**WORK INSTRUCTION**
Output exactly the lines that run from the start of the records to the line with "For use within", counting both ends, and skip the pictures.
::: RECORDS FOR THE EXERCISE
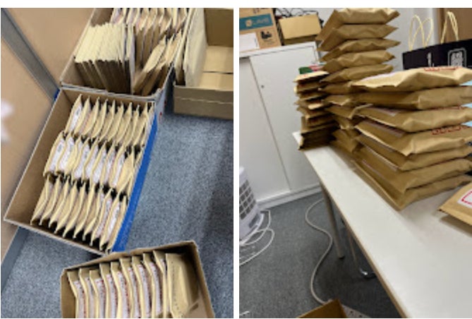 皆様ご無沙汰しております。ワールドワンダーツアー製作委員会の高橋です。有難いことに初回製作分をクラファンのご支援総数が超えてしまい、間に合わせるべく増産体制を整え、梱包等の作業をし無事発送までたどり着くことができました。梱包や発送を担っていただいている銀杏企画Ⅱさんも、丁寧にご対応いただき、五月雨式に届ける送付状や梱包材、発送手続きなどに対応いただき、就労支援施設で働く皆様もやりがいをもって働いていただけていると聞き、とてもうれしく思っております。12月中ご発送の予定でしたが、できればクリスマスに間に合えば、、と思い進めております。早い方はクリスマス遅くとも26日ぐらいまでには全部つく予定です。万が一お手元に届かないなどございましたら教えていただけると幸いです。冬休みぜひ家族やお友達と遊んでください!
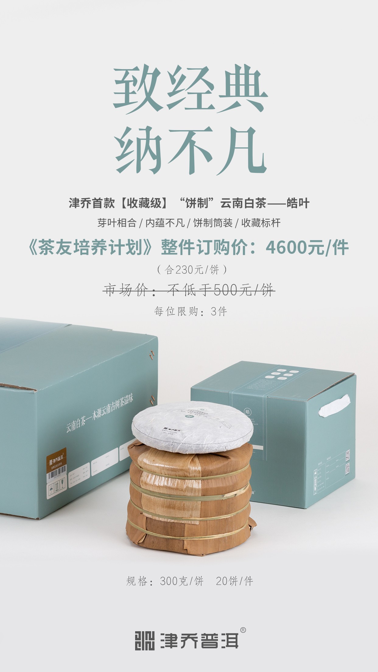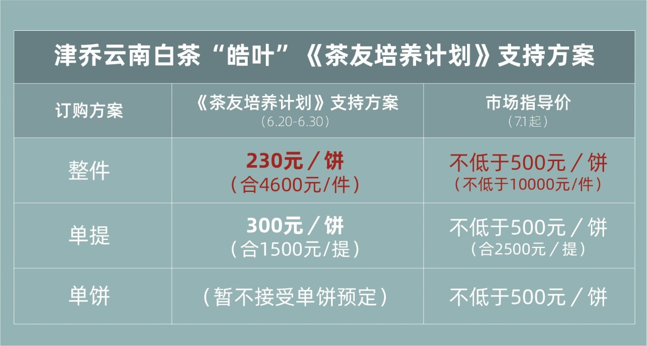 作为津乔《茶友培养计划》首款云南白茶回馈项目,更多的是以公益的方式与茶友们分享经典云南白茶的收藏喜悦。以超值回馈开启云南白茶收藏订购模式。
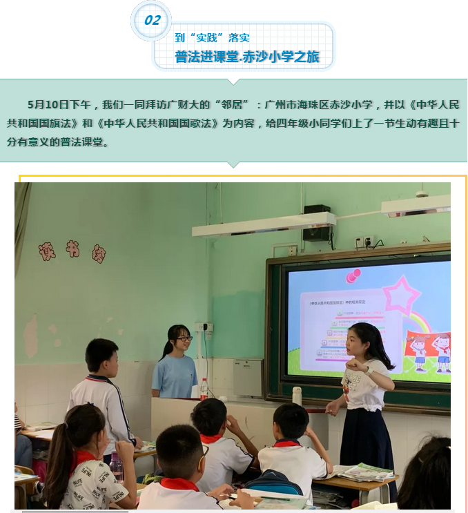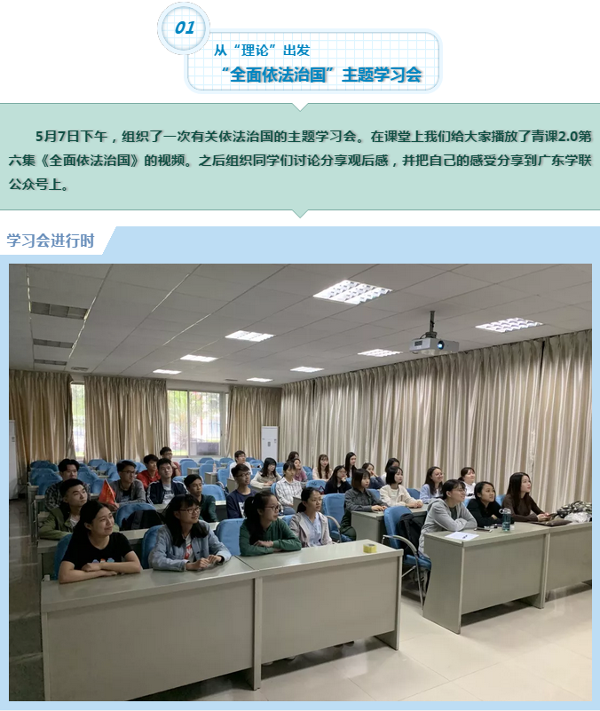 本次团日活动我们采用了“从理论到实践”的思路。首先开展了“全面依法治国”的主题学习会,从“理论”开始出发;再者组织了一支热爱义教、有义教经验的志愿队伍到赤沙小学进行普法义教,从“实践”落实到位。
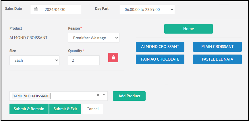 For use within the Operations Dashboard (Centegra Plus FOH portal that does not require user login), you can now configure wastage menus to make it easier to locate and select products that are wasted most often within the Wastage Entry section.
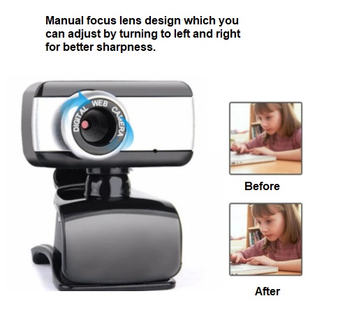 - Manual focus - move the webcam lens to adjust for sharpness of the picture.
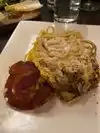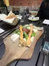 Very nice salads and cheese plate for lunch with a friend. Wine was nice even if it was a meager measured pour.
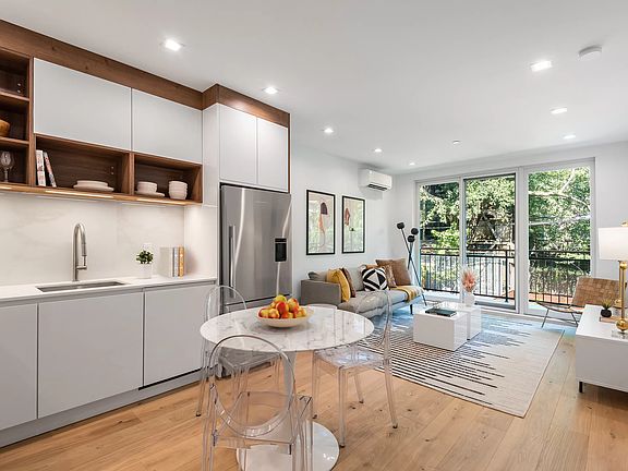 Immediate Occupancy & Closings Have Commenced! Please contact listing agent for an appointment. Apartment 4R is a one-bedroom condo with a private balcony overlooking the lush gardens of Quincy Street. Enter to discover a fantastic floor plan featuring a balcony overlooking quiet gardens, custom kitchen open to a 22-foot deep living and dining area offers the flexibility to carve out an area to work from home showcasing 7.5 inch wide oak flooring and floor-to-ceiling windows. 197 Quincy Street is a thoughtfully designed modern condominium building in prime Bedford Stuyvesant. Behind the minimalist Aluminum and IPE façade are a collection of 10 one-and-two-bedroom residences featuring smart floor plans, generous proportions and brilliant craftsmanship. The sleek kitchen boasts custom European cabinetry, Quartz countertops, and a Purity of Marble backsplash, with high-end appliances by Fisher & Paykel, Bosch, Samsung and XO including wifi-connected induction range with double oven and vented exhaust hood. The comfortable bedroom offers two closets, and all bathrooms at 197 Quincy Street have been completed with radiant heated flooring and marbled porcelain walls. Every residence has its own washer/dryer hookup and feature multi-zone heating and cooling systems, double-panel Pella windows, recessed LED lighting, floating Duravit toilets, and solid-core doors. Building amenities include an irrigated common garden, a beautifully finished common rooftop, as well as Amazon entry key accessibility and remote smart video intercom systems. 197 Quincy Street is perfectly located near the border of Clinton Hill and Bedford Stuyvesant, which was just named one of Time Out New Yorks five coolest neighborhoods in the world. Local hot spots in both neighborhoods, including Black Swan, Oaxaca Taqueria, Do Or Dive, Pilar, Greenbergs Bagels, Playground Coffee Shop, Golda, Fancy Nancy, Samurai Papa, and the Bedford Stuyvesant YMCA are all within a few blocks! Youre close to the A/C/G trains at the Bedford-Nostrand stops, making commuting a breeze. Images shown are a combination of model unit photography. This is not an offering. The complete offering terms are in an offering plan available from the Attorney General. File No. CD200240.
::::::
**RESULT OF THE EXERCISE**
 皆様ご無沙汰しております。ワールドワンダーツアー製作委員会の高橋です。有難いことに初回製作分をクラファンのご支援総数が超えてしまい、間に合わせるべく増産体制を整え、梱包等の作業をし無事発送までたどり着くことができました。梱包や発送を担っていただいている銀杏企画Ⅱさんも、丁寧にご対応いただき、五月雨式に届ける送付状や梱包材、発送手続きなどに対応いただき、就労支援施設で働く皆様もやりがいをもって働いていただけていると聞き、とてもうれしく思っております。12月中ご発送の予定でしたが、できればクリスマスに間に合えば、、と思い進めております。早い方はクリスマス遅くとも26日ぐらいまでには全部つく予定です。万が一お手元に届かないなどございましたら教えていただけると幸いです。冬休みぜひ家族やお友達と遊んでください!
 作为津乔《茶友培养计划》首款云南白茶回馈项目,更多的是以公益的方式与茶友们分享经典云南白茶的收藏喜悦。以超值回馈开启云南白茶收藏订购模式。
 本次团日活动我们采用了“从理论到实践”的思路。首先开展了“全面依法治国”的主题学习会,从“理论”开始出发;再者组织了一支热爱义教、有义教经验的志愿队伍到赤沙小学进行普法义教,从“实践”落实到位。
 For use within the Operations Dashboard (Centegra Plus FOH portal that does not require user login), you can now configure wastage menus to make it easier to locate and select products that are wasted most often within the Wastage Entry section.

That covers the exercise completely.